## Task prompt
Output every entry exactly, without any pictures.

Dataset entries

________________________________________

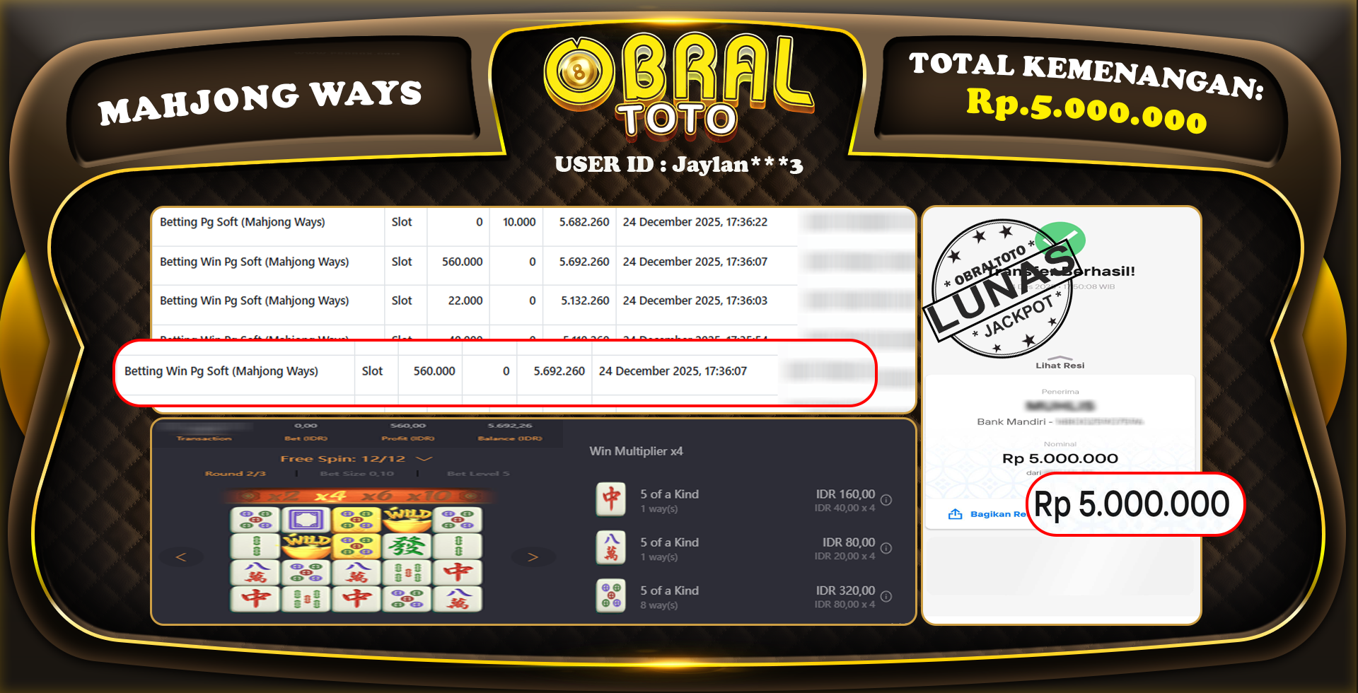 JACKPOT SLOT MAHJONG WAYS OBRALTOTO 25 Desember 2025
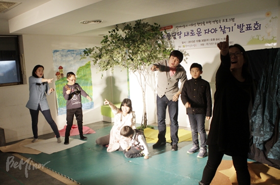 ![]() ▲프로그램 발표회 중 <무궁화 꽃이 피었습니다> 놀이를 통해 역할극을 수행하는 참가자와 강사들. |
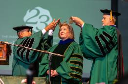 On October 18, 2023, Dr. Lori Stewart Gonzalez was sworn in as Ohio University’s 23rd president. As with most important events, the ceremony included a lot of formal elements that might not have looked familiar to everyone who attended or watched online. We’ll break down exactly what the ceremony was, its history, and what those terms mean.
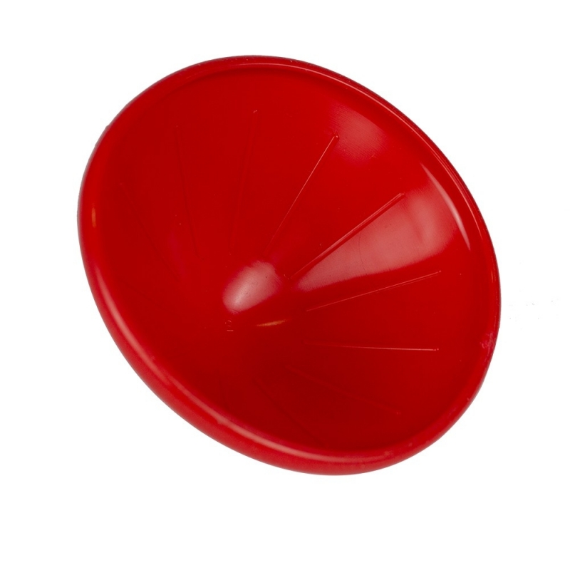 Apribarattolo antiscivolo rosso, a forma di cono. È stato progettato per aiutare ad aprire vasi e vasetti di qualsiasi tipo.
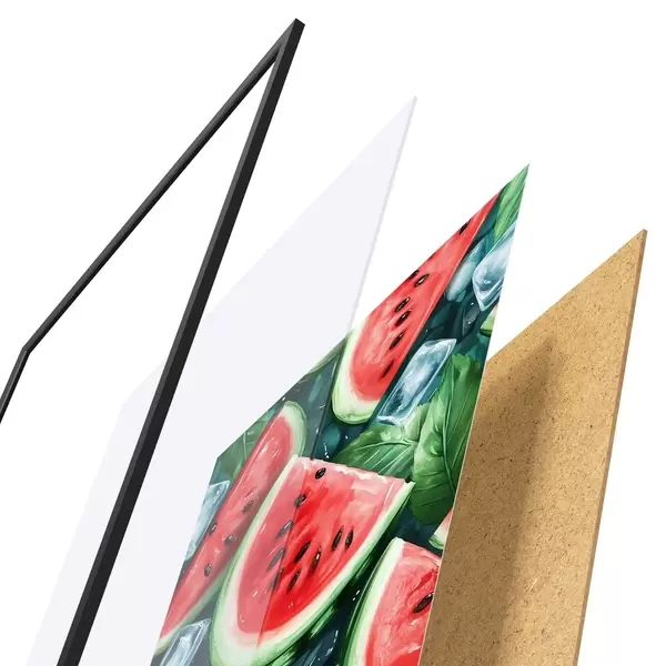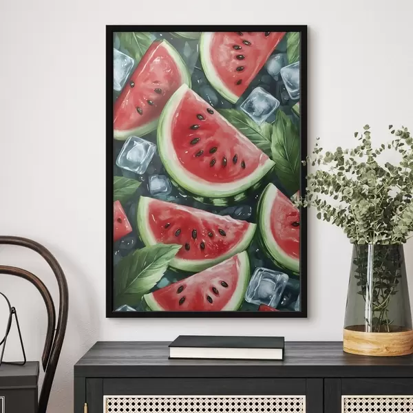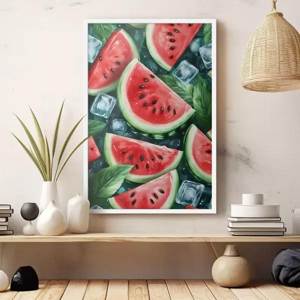 Poster Wassermelonenscheiben mit Eiswürfeln und Minze, Aquarellstil f43880
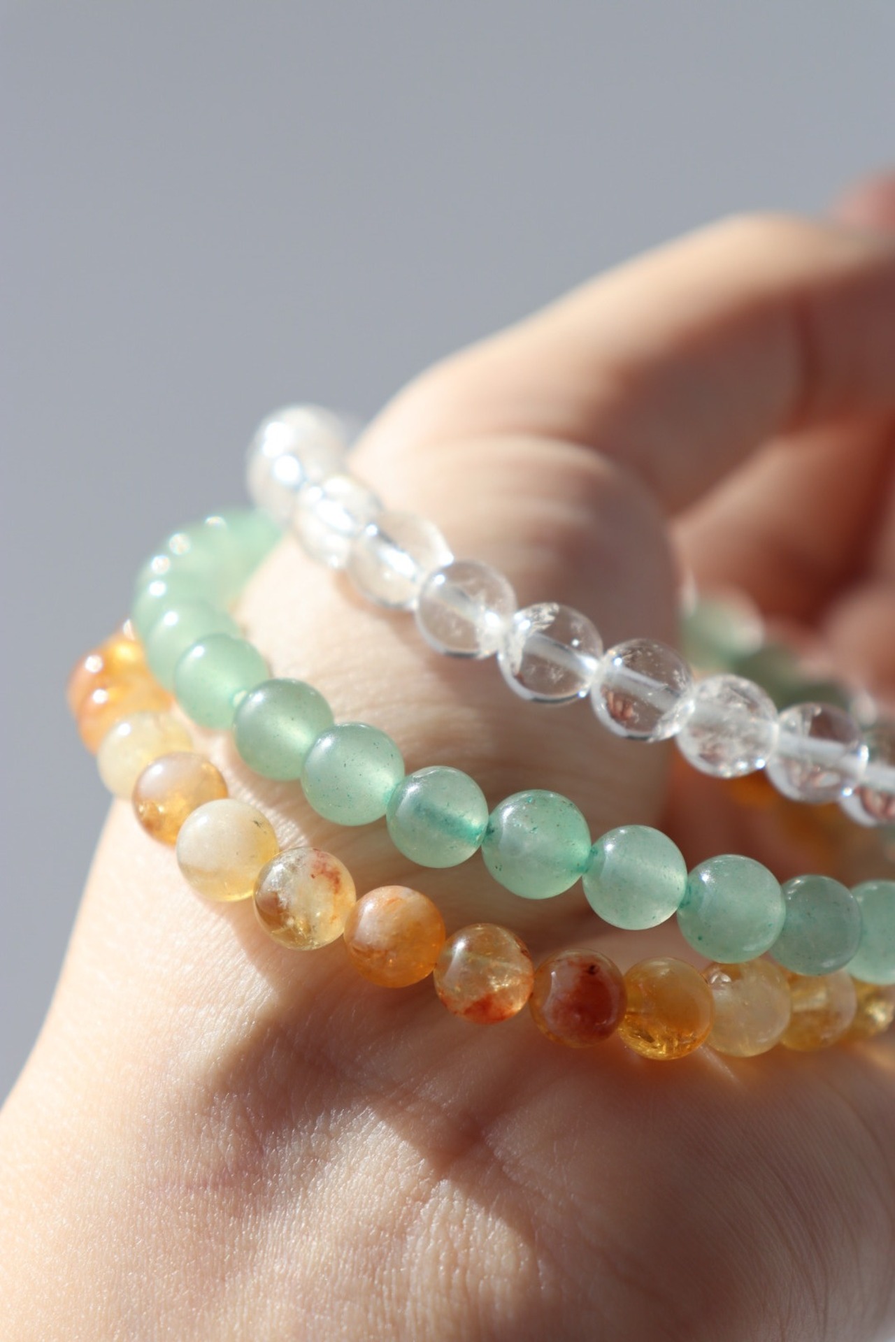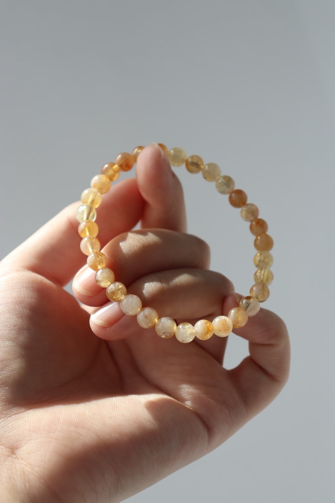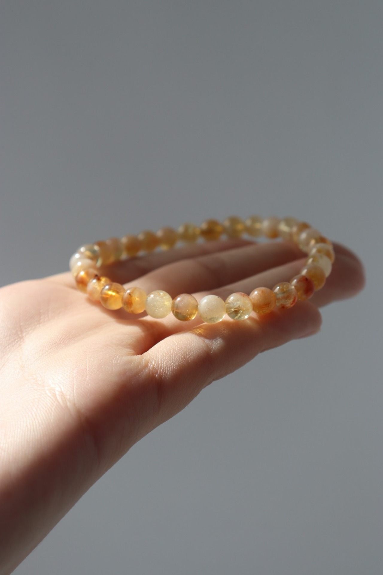 太陽の光をそのまま閉じ込めたような、明るく温かな色合いが魅力のシトリンのブレスレット。

________________________________________

## Result for this exercise
 JACKPOT SLOT MAHJONG WAYS OBRALTOTO 25 Desember 2025
 ![]() ▲프로그램 발표회 중 <무궁화 꽃이 피었습니다> 놀이를 통해 역할극을 수행하는 참가자와 강사들. |
 On October 18, 2023, Dr. Lori Stewart Gonzalez was sworn in as Ohio University’s 23rd president. As with most important events, the ceremony included a lot of formal elements that might not have looked familiar to everyone who attended or watched online. We’ll break down exactly what the ceremony was, its history, and what those terms mean.
 Apribarattolo antiscivolo rosso, a forma di cono. È stato progettato per aiutare ad aprire vasi e vasetti di qualsiasi tipo.
 Poster Wassermelonenscheiben mit Eiswürfeln und Minze, Aquarellstil f43880
 太陽の光をそのまま閉じ込めたような、明るく温かな色合いが魅力のシトリンのブレスレット。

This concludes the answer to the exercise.